Depending on the age, brand, model, and carrier (Verizon, AT&T, etc) you use, not all of these will work on your phone. Some require adding an app, many of which are free. Other functions may already be built into your phone. I don't want to list any particular apps because I can't check them all out personally and vouch for them But, everything on list list appeared on multiple references on the web, so they are well known.

If anything on this list catches your eye, check them out by just typing the name of the function in Google search, preceded by the word smartphone. You will find plenty of apps for both Android and Iphones listed. 

Some of these features require you to turn on that function. Again, the Internet is your friend. Search for what you want to do by typing in the function   followed by your phone model, like direct call samsung galaxy S6.

Manage your thermostat and control your home's lights

Monitor your heart rate

Speak a text, have it translated into words and sent.

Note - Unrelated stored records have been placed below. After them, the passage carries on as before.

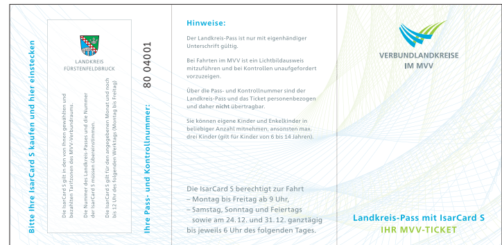
Landkreis-Pass Fürstentfeldbruck (Muster)

Beantragen Sie Ihren Landkreis-Pass am besten persönlich im Landratsamt Fürstentfeldbruck, Bürgerservice-Zentrum Adresse: Münchner Str. 32, 82256 Fürstentfeldbruck Geöffnet: Mo - Do von 8 bis 18 und Fr von 8 bis 16 Uhr Telefon: (08141) 519-999, E-Mail: bsz@lra-ffb.de Web: www.lra-ffb.de/amt-service/buergerservice-zentrum
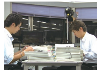
株式会社チューリップテレビ(富山県)

「政策立案等に関するガイドライン」を策定し常任委員会ベースの議会活動を推進。「議決・決議」という従来の権限と「政策提言」という政策をつくり議決まで持っていくことを実現。
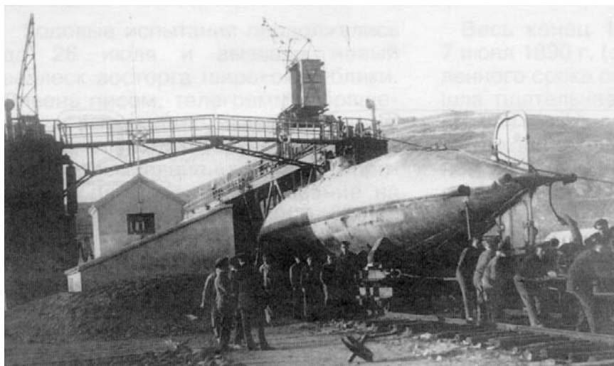
Подводная лодка Пералья на верфи. 1890 г.

Сигарообразный корабль Пералья своей формой сильно напоминал мину Уайтхеда. Два его винта приводились в движение электрическим двигателем, запитываемым от аккумуляторов. Других двигателей лодка не имела. Кстати, для полной зарядки всех 613 бортовых батарей потребовалось несколько дней. Сначала думали, что столь длительное время необходимо только для самой первой зарядки, но впоследствии оказалось, что это «нормальный» процесс, и для работы двигателя обычно требовалось не меньше 18 часов зарядки.
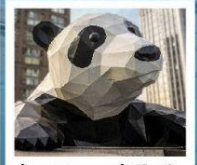
ห้าง IFS แพนด้าปิ่นตึก
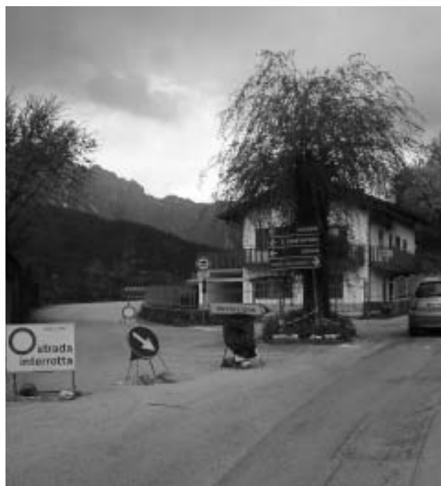
La strada della "Strica" ancora chiusa
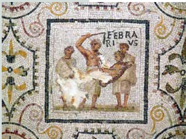
Slika 3: Mesec februar na koledarskem mozaiku iz Sousse (Tunizija) prikazuje obredno tepežkanje ob luperkalijah.

S širjenjem in legalizacijo krščanstva v 3.in 4. stoletju so se uveljavili krščanski prazniki. Število kristjanov v imperiju je skozi stoletja hitro naraščalo. Ocenjujejo, da jih je bilo leta 100 7500, leta 250 več kot milijon, leta 350 pa že 34 milijonov (nove demografske študije ocenjujejo, da je imel rimski imperij na svojem vrhuncu od 70 do 100 milijonov prebivalcev). Stari poganski prazniki so le počasi zamirali, nekateri pa so se samo odeli v novo, z novo religijo skladno podobo. Na primer, v opisih običajev pri saturnalijah lahko prepoznamo nekatere naše božične navade.
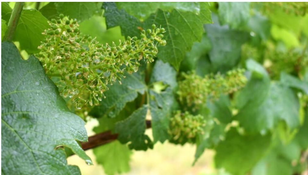
Slika 2. Cvatnja vinove loze

Kada razmatramo fiziologiju vinove loze u kontekstu utjecaja suše, fokusiramo se na kompleksne procese i prilagodbe koje biljka primjenjuje kako bi se nosila s nedostatkom vode. Suša predstavlja jedan od najvećih izazova za vinogradarstvo, posebno u svjetlu klimatskih promjena koje uzrokuju sve češće i intenzivnije sušne periode. Vinova loza ( Vitis vinifera ), kao višegodišnja biljka, razvila je niz adaptivnih mehanizama kako bi se nosila s nedostatkom vode. Razumijevanje fizioloških odgovora vinove loze na sušu ključno je za očuvanje prinosa i kvalitete grožđa u uvjetima promjenjive klime (Zhang i Keller, 2017).
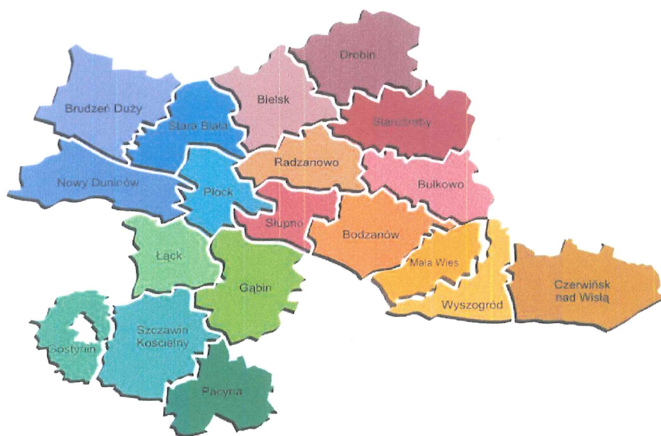
Rysunek 1. Teren Związku Gmin Regionu Płockiego - stan na 2021 rok

Związek Gmin Regionu Płockiego w 2021 roku zrzesza:
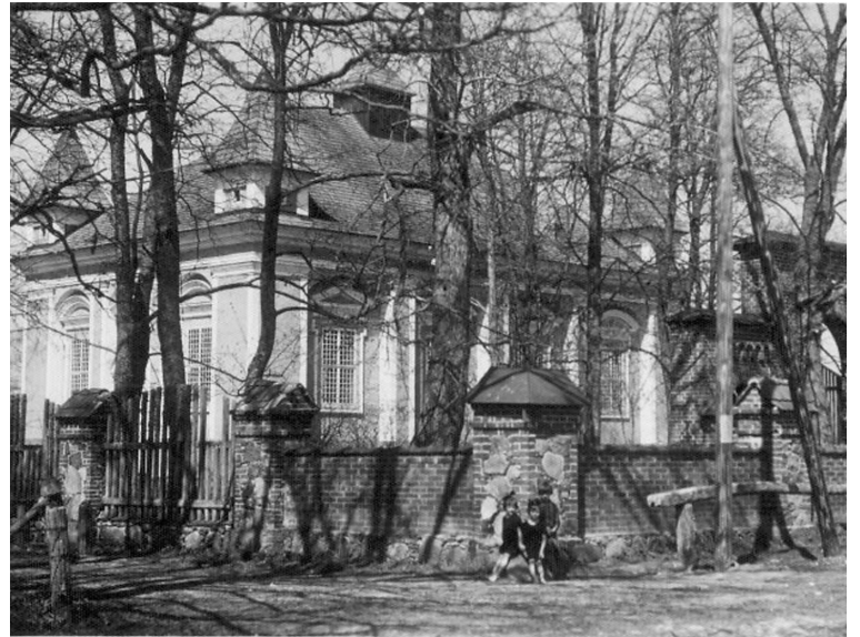
Vienīgā baznīca Latvijā ar pieciem tornīšiem

Gothards Frīdrihs Stenders (Vecais Stenders), kurš pirmmācību ieguva Subates skolā. Viņš ir aizsācis latviešu laicīgās literatūras tradīcijas, sarakstījis pirmo populārzinātnisko grāmatu latviešu valodā, kas faktiski ir pirmā zemniekiem domātā enciklopēdija Eiropā. 1989.g. G.F. Stendera 275 gadu jubilejas gadā atklāts Stendera muzejs.

Have an e-mail or text read to you.

Identify images

Measure speed, height, or distance of something

Find out why your check engine light is on

Identify song titles 

Visual voicemail

Block spam phone calls

Use camera as a magnifying glass

Snap a picture with the volume button

Use as a universal remote

Create a Wi-Fi hotspot

Barcode and QR code reader

Correct for color blindness

Use Data saver setting (can cut data use by 30%)

Quick launch the camera

Download booster (downloads large files much faster)

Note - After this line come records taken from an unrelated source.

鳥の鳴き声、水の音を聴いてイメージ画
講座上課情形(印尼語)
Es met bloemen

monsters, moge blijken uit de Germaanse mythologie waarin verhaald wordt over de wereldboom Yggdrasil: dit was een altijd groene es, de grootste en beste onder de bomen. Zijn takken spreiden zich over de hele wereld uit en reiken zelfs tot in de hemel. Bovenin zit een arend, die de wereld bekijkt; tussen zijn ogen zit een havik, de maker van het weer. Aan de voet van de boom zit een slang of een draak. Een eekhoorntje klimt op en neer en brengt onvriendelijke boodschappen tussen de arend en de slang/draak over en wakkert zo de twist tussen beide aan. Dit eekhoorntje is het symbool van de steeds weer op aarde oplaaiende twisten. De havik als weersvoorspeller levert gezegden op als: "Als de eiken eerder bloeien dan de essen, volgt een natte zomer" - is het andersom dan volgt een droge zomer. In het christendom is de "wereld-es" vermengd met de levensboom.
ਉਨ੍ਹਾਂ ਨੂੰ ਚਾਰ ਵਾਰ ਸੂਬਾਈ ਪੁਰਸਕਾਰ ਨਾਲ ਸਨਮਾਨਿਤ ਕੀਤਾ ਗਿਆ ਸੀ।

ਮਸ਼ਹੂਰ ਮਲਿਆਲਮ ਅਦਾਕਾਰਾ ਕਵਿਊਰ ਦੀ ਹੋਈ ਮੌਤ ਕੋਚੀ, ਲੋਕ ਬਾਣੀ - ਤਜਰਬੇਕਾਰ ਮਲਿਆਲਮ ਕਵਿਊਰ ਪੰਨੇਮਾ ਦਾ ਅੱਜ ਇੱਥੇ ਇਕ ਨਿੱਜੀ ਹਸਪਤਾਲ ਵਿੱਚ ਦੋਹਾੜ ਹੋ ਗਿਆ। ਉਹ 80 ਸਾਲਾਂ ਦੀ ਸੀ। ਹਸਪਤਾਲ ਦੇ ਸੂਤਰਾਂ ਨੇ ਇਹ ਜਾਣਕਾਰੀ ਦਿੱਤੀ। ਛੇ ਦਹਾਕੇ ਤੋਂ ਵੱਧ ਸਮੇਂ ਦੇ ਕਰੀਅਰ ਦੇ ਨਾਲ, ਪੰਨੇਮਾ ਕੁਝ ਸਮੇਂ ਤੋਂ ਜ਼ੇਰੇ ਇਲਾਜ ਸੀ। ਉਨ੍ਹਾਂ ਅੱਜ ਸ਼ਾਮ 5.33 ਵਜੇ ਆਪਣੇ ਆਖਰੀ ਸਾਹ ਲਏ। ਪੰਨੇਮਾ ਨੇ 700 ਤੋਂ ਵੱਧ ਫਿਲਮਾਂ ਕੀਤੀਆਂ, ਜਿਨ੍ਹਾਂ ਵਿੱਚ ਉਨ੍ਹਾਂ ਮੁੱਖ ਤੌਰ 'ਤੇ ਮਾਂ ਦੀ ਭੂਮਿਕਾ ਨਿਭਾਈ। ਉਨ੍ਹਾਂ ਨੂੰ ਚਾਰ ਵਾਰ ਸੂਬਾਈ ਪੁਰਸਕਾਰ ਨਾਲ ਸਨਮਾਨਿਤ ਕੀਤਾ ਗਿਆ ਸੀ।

Direct call (put the phone to your ear and it dials the contact on the screen)

Split screen (2 windows open at once...sometimes called multi-tasking)

Leveler & compass

Distance finder

Send a mobile fax

Connect to a computer and use phone as an external hard drive

Transfer files wirelessly from phone to computer

I imagine there are all sorts of applications and special tricks you can share that are not listed above. Fabulous! Tell us what you use, or shortcuts you have found that make your day easier and more fulfilling.

If you don't have a smartphone, and don't want one, tell us why. Is it cost, complexity, no real need in your life? There are an estimated 120 million non-smartphones in use in the U.S. out of a total of over 320 million cellphones, so you are definitely not alone!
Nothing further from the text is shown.